Recent change in Wikipedias Layout breaks the table of contents

Builditluc commented 1 year ago

TLDR: The Table of contents won't be visible until the issue with the parser has been resolved. All other features should be working correctly. Check out this issue frequently, as all news about the progress will be posted here

Issue Status

A checklist of what needs to be done can be found here. Currently, the progress in development can be tracked by looking at the following branches related to the issue:

143-rework-backend: This is the main branch of the issue and all finished items on the checklist get merged into this one
(merged #147) 143-create-api-handler: The new API handler is created in this branch
(merged #149) 143-create-parser-system: The new parser system is created in this branch

Recently, the Wikimedia Foundation announced its first change to the design of its site (including the articles) in over a decade, in which they "Put Usability at the Forefront"

One of the changes was a renewal of the table of contents, now on the left of the article. This changed its appearance in the HTML code considerably, revealing some significant flaws in the parsing design (We've always assumed that the table of contents would be at a specific location in a specific format. This is now no longer the case).

I've already come up with a solution to this problem. We can get the table of contents easily from the Wikipedia JSON API, already formatted with all of the required data. A quick example of the returned table of contents (internally called sections) for the article Meaning

{
    "parse": {
        "title": "Meaning",
        "pageid": 18916,
        "sections": [
            {
                "toclevel": 1,
                "level": "2",
                "line": "Arts and entertainment",
                "number": "1",
                "index": "1",
                "fromtitle": "Meaning",
                "byteoffset": 785,
                "anchor": "Arts_and_entertainment",
                "linkAnchor": "Arts_and_entertainment"
            },
            {
                "toclevel": 1,
                "level": "2",
                "line": "See also",
                "number": "2",
                "index": "2",
                "fromtitle": "Meaning",
                "byteoffset": 1238,
                "anchor": "See_also",
                "linkAnchor": "See_also"
            }
        ],
        "showtoc": ""
    }
}

Response of the API call: https://en.wikipedia.org/w/api.php?format=json&action=parse&page=Meaning&prop=sections

As we can see, the API gives us all of the necessary data (level, number, linkAnchor). To implement this change we would, however, have to rewrite the whole table of contents section in the parser. Because we only get the id of the span that contains the header, we would also have to rewrite the header handling system. This requires tapping into the code of the UI.

These are some pretty big changes, but it'll be a high priority for me to fix this as soon as possible. I'll start with designing the interfaces for the new parser and once the design is fleshed out, I'll start implementing the changes.
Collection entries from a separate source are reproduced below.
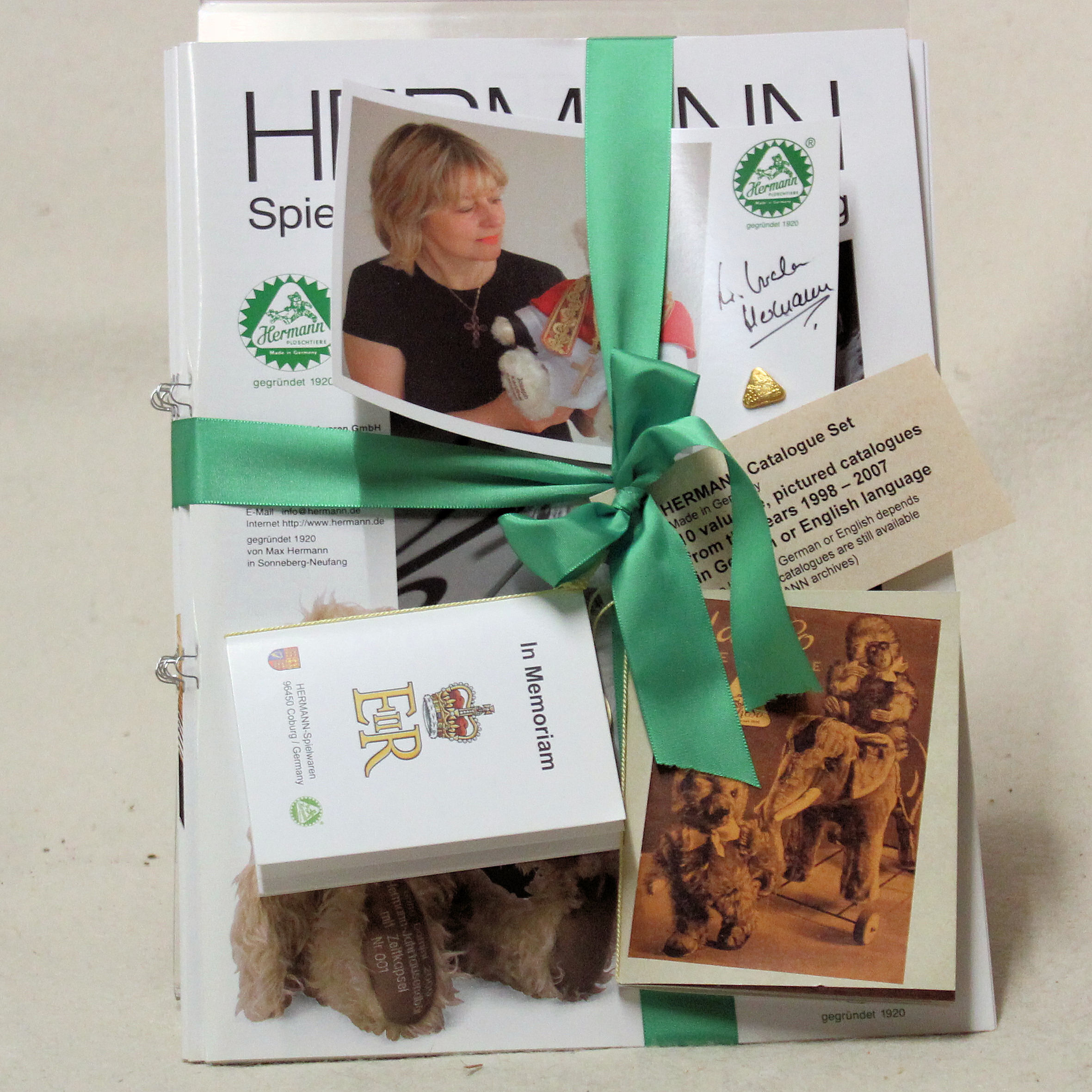 Im Katalog-Set sind jetzt neu zwei Mini-Bücher integriert über die HERMANN-Historie und über Teddybären für die verstorbene Queen Elizabeth. Außerdem ist jetzt neu jedem Set eine Ulla Hermann Autogramm-Karte mit einem echt vergoldeten HERMANN-Pin beigegeben.
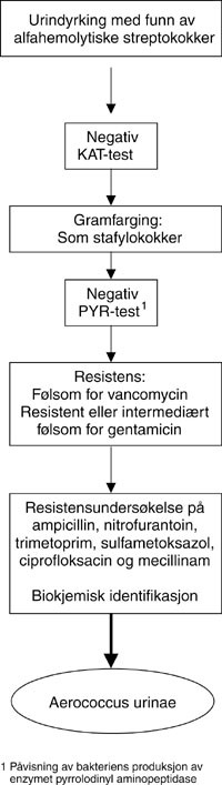 For å unngå overdiagnostisering av A urinae, er det nødvendig å utføre biokjemisk identifikasjon. Det er flere streptokokker i viridansgruppen med resistensmønster identisk med det man finner for A urinae. Vi anbefaler bruk av flytskjema, som vist i figur 1. American Society for Microbiology anbefaler også utsæd på medium anriket med 6,5 % NaCl for å skille mellom A urinae og Stomatococcus, en mikrobe som tilhører normalflora i munnslimhinnen. Vi anser dette som unødvendig ved urin som prøvemateriale.
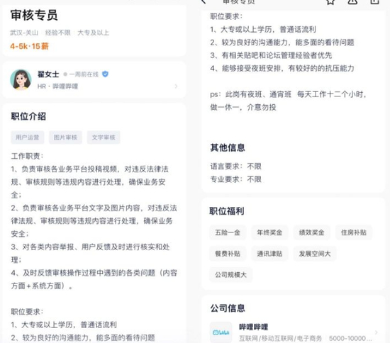 即使是在招聘网站中,B站有关审核专员岗位的职位要求中也详细注明:此岗有夜班、通宵班,每天工作12个小时,做一休一。
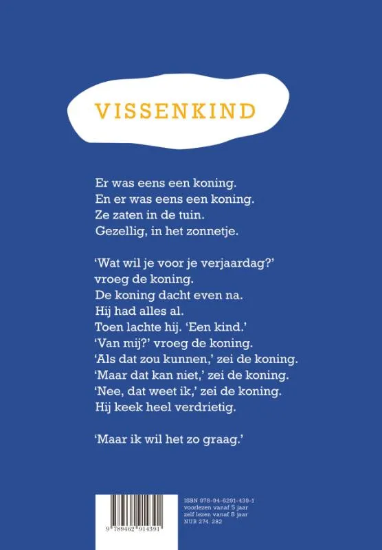 Er waren eens een koning en een koning. Ze wilden graag een kind, maar dat ging natuurlijk niet. Toen de koning jarig was, had de koning een bijzonder cadeau: een klein visje. Het visje werd hun Vissenkind. Vissenkind groeide en op een dag wou hij de wereld ontdekken en de liefde zoeken…
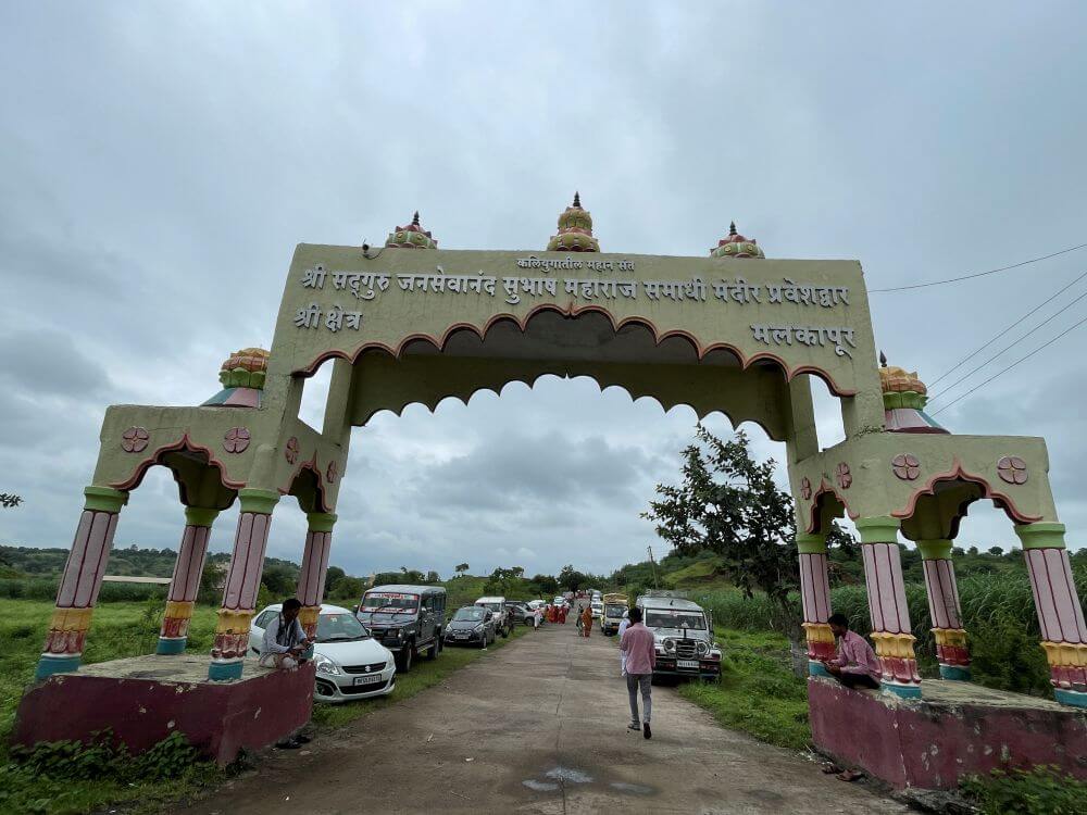 मलकापूर गावापासून काही अंतरावर असलेल्या या देवस्थानाकडे जाणाऱ्या रस्त्यावर मंदिराची पहिली स्वागतकमान आहे. कमानीपासून सुमारे एक किमी अंतरावर असलेल्या देवस्थानापर्यंत पक्की सडक आहे.
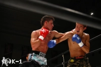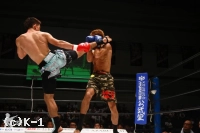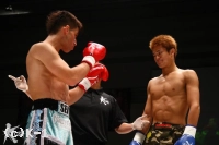 2R、依然フットワークの軽快な上田は山下をロープに詰めて右ストレートと左フックを回転させる。クリンチして逃れた山下だが、上田は再び前に出て右ストレートと左フックの連打を再度浴びせる。距離を取って左ミドル、左ストレートを返す山下だが、上田は呼吸を整えると再び右ストレートと左フックでラッシュ。ラウンド後半は山下がリーチを活かした左ミドル、左ストレートで上田を追うが、上田はフットワークでこれをかわす。
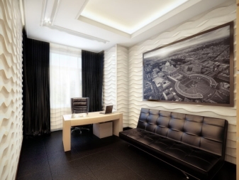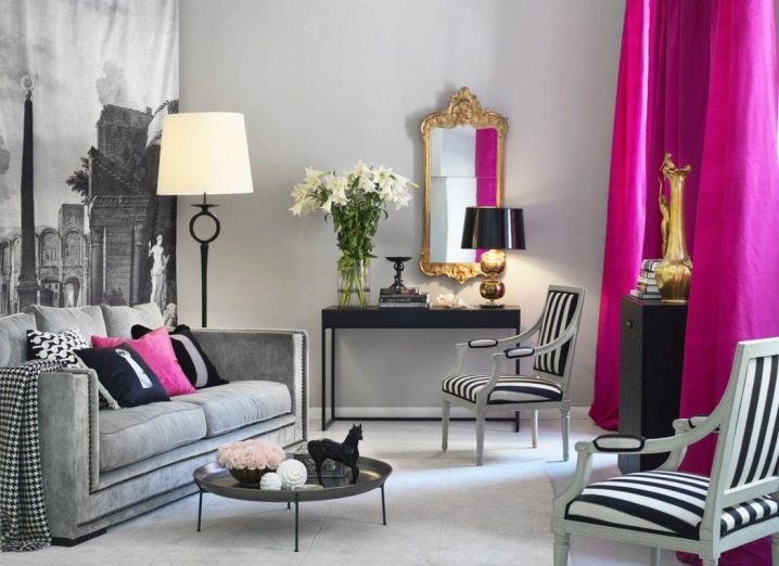 يمكن أن تكون المنتجات بالأبيض والأسود هي العنصر الأكثر لفتًا للنظر في الداخل على خلفية النغمة المعتادة للجدران والأريكة الجلدية ذات اللون الأسود المزرق. تحت أغطية الجدران الوردية ، يمكنك اختيار كل من الستائر الرمادية ذات الظلال المختلفة والستائر البيضاء والوردي. الألوان الهادئة من الخوخ والأزرق اللبني والأصفر مناسبة لزاوية ناعمة أرجوانية أو أرجوانية..
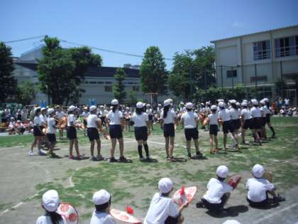 午前最後の演技は、全校での「花笠音頭」です。舟形町との交流の中で始まり、長年踊り続けられています。今年も6年生が昨年の夏の交流で教えてもらった「傘おどり」を力いっぱい披露してくれました。
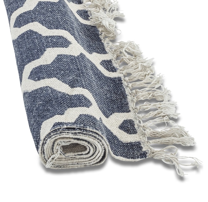 Äkta stentvättad bomullsmatta av hög kvalitet i färgen Blå/Vit!
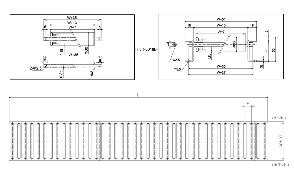 | Width Rollerus W (mm) | 100 | 200 | 300 | 400 | 500 | |
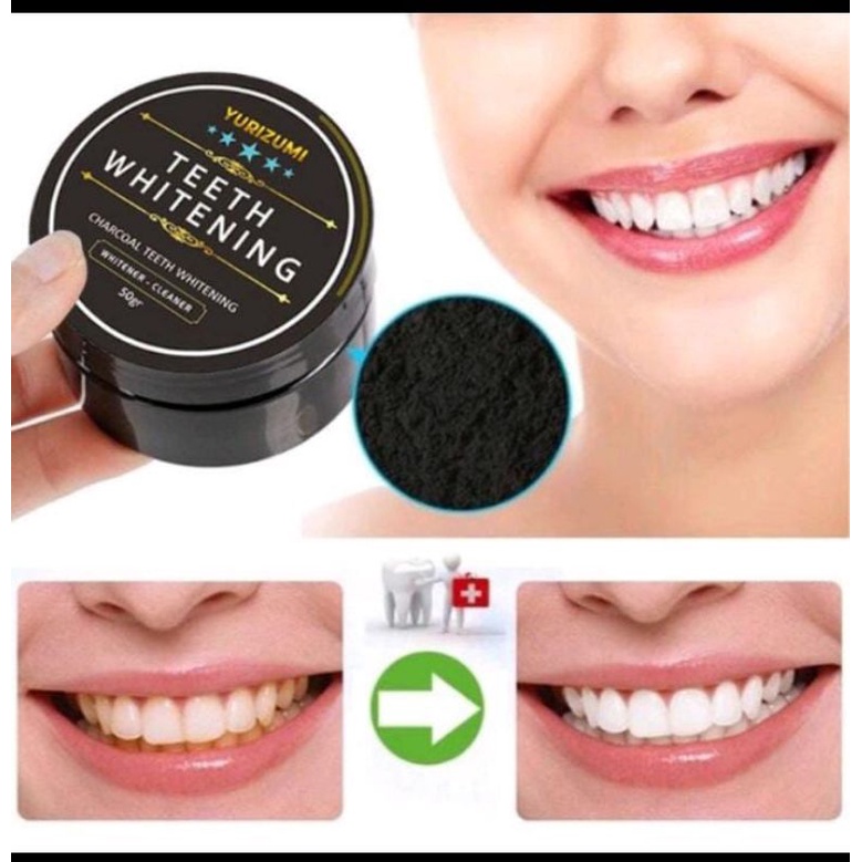 Teeth Whitening Charcoal Ori Activated Pemutih Gigi Kuning Alami Instant Permanen 50gr
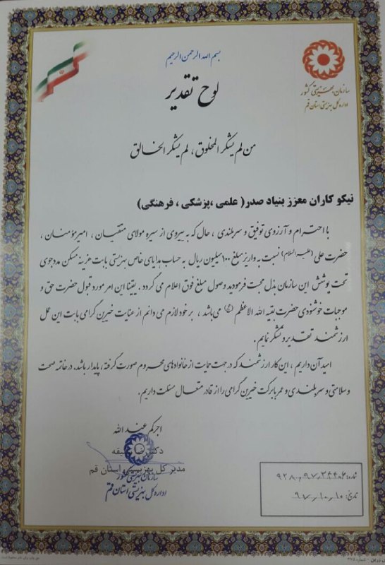 � #گزارش_مالی ۸۱۵ 🦋 #گزارش_اجرایی ۸۱۵ ✍ بهزیستی استان قم برای خیرین بنیاد صدر به دلیل تلاش برای خانه دارشدن مادری با دو فرزند معلول، لوح و پیام تشکر و قدردانی ارسال نمود … هر چند محبت خوبان هیچ گاه جبران شدنی نیست اما این لوح تقدیم همه عزیزانی باد که به فکر رفع مشکل […]
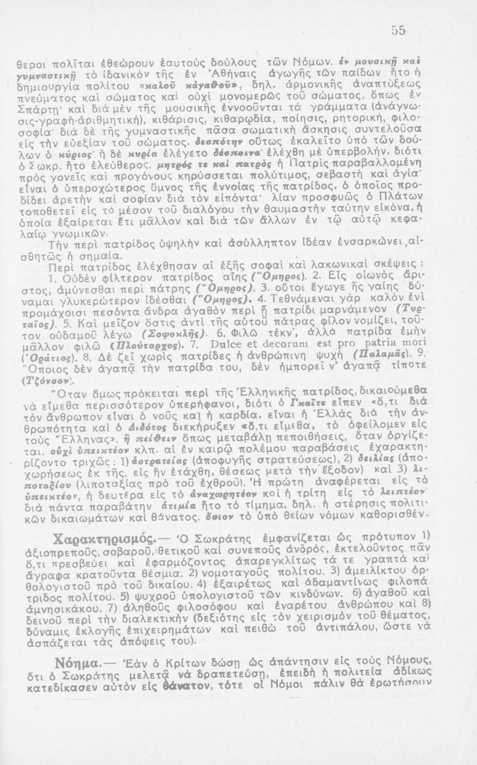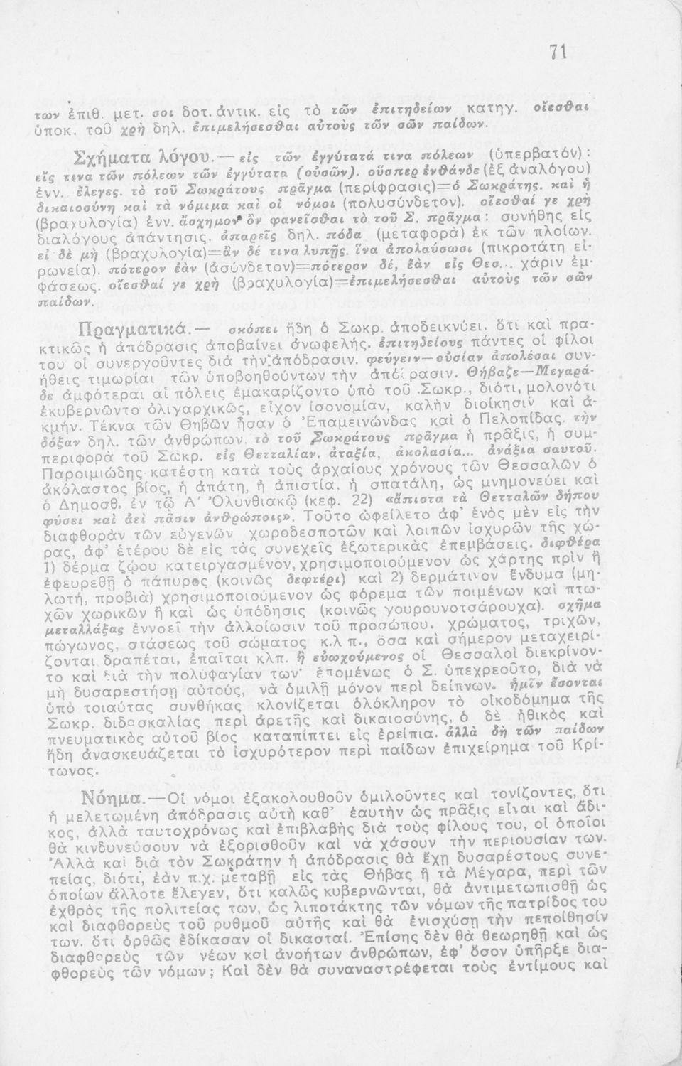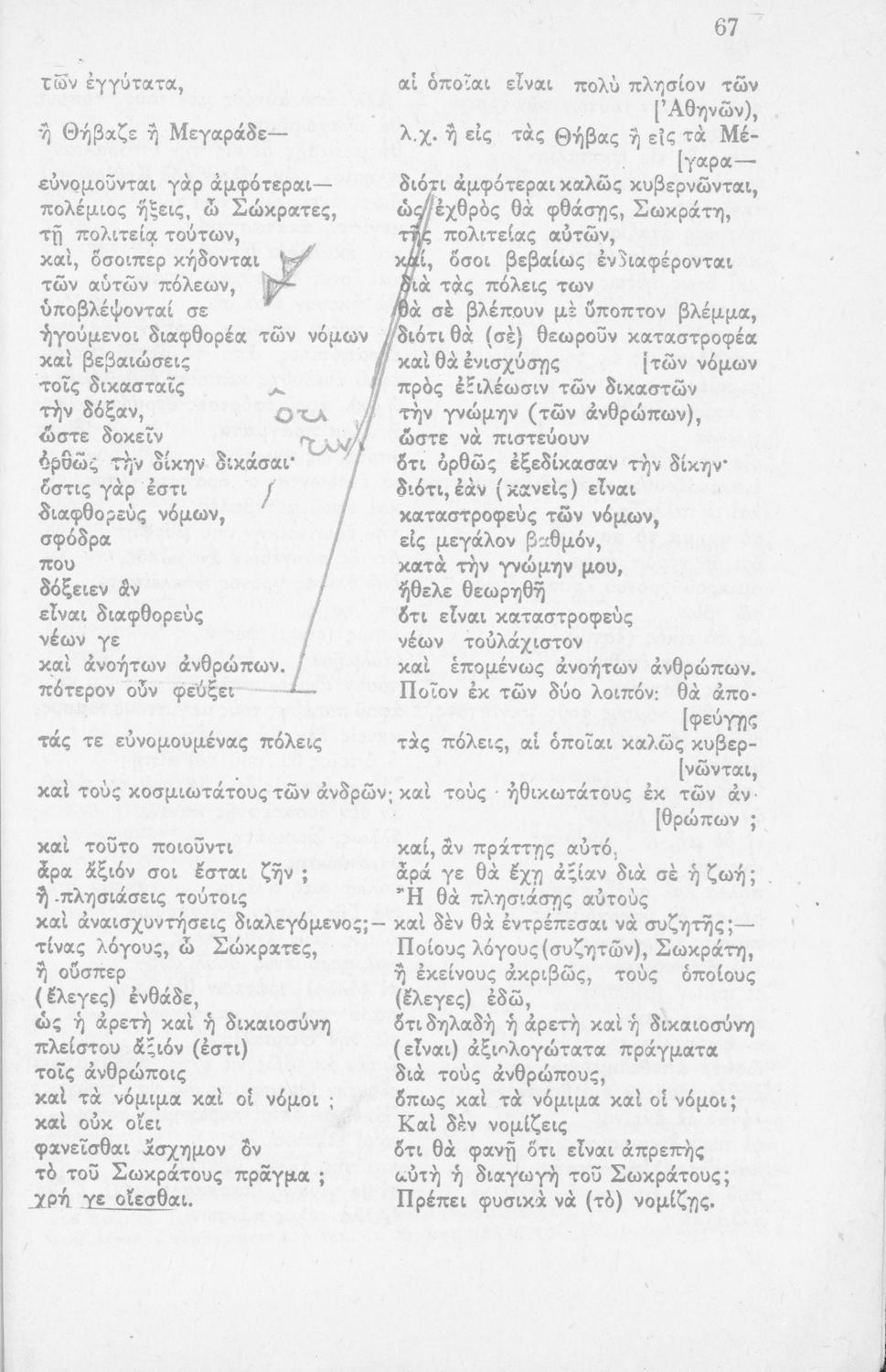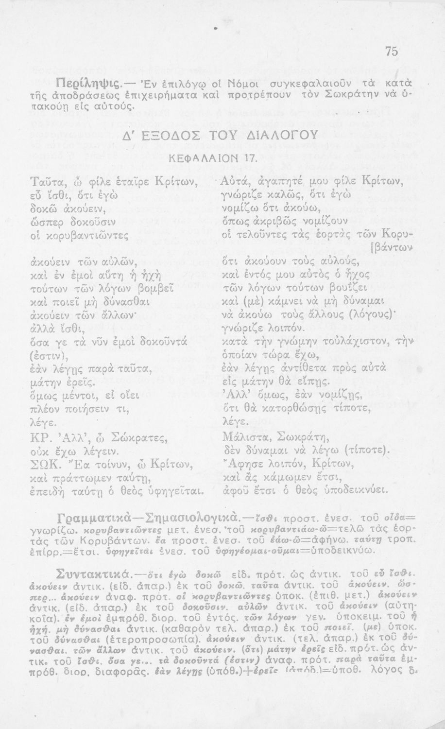 Σχολικό εγχειρίδιο Αρχαίων Ελληνικών για τη Β΄ Λυκείου που περιλαμβάνει έργα του Πλάτωνα με ερμηνευτικά σχόλια του συγγραφέα στη καθαρεύουσα. Το κείμενο είναι πρωτότυπο.

Builditluc commented 1 year ago

Table of Contents redesign

Data Structure and Representation

First, we need to know exactly what information we want in the end. We need to ask ourselves, what information do we need for our current functionality to work (Don't want to overcomplicate this)? Well, we need the following things:

Some sort of identifier (maybe the id of the page the toc refers to)
The title, drawn at the top of the list (usually the page title)
Well, a list of all of the actual items

For every item, we would need the following things:

Some identifier (used internally for things like jumping to the header with a specific id)
The level (can be used to identify the type of header, maybe even represented as an enum)
The Text or title of the item
Some way of linking to a specific position in the article

When we look at what the API gives us, we can see that everything we need is given to us Sample API result:

{
    "parse": {
        "title": "GitHub",
        "pageid": 18545292,
        "sections": [
            {
                "toclevel": 1,
                "level": "2",
                "line": "History",
                "number": "1",
                "index": "1",
                "fromtitle": "GitHub",
                "byteoffset": 5788,
                "anchor": "History",
                "linkAnchor": "History"
            },
            ...
        ],
        ...
    }
}

When now try to put these requirements into a rust data type, we come out with the following (this is just a first draft. variable names and types are not fixed)

struct TableOfContents {
    id: usize,
    title: String,
    items: Vec<TableOfContentsItem>
}

struct TableOfContentsItem {
    id: usize,
    level: usize, // or an Enum, don't know yet
    text: String,
    anchor: String,
}

The anchor would be the id of the header that this item is linked to. When parsing the article, we can then just look at what TableOfContentsItem has that id and then save the id in the ArticleElement. We've just found out the first API requirement we need. Some sort of lookup that returns the correct item id when given an anchor.

Integration with the Article

The Problem

The current implementation separates the table of contents from the article. The UI has to fetch the table of contents from the article and then do its actions there manually (matching the items against headers, fetching the title, formatting the item title, etc.). This adds a lot of overhead in the UI that's not necessary (we can add functions for everything the UI needs from the article to Article itself, so we don't need to interact with the underlying data directly (this also allows us to change the structure and data representation, like adding more fields, without having to rewrite the UI.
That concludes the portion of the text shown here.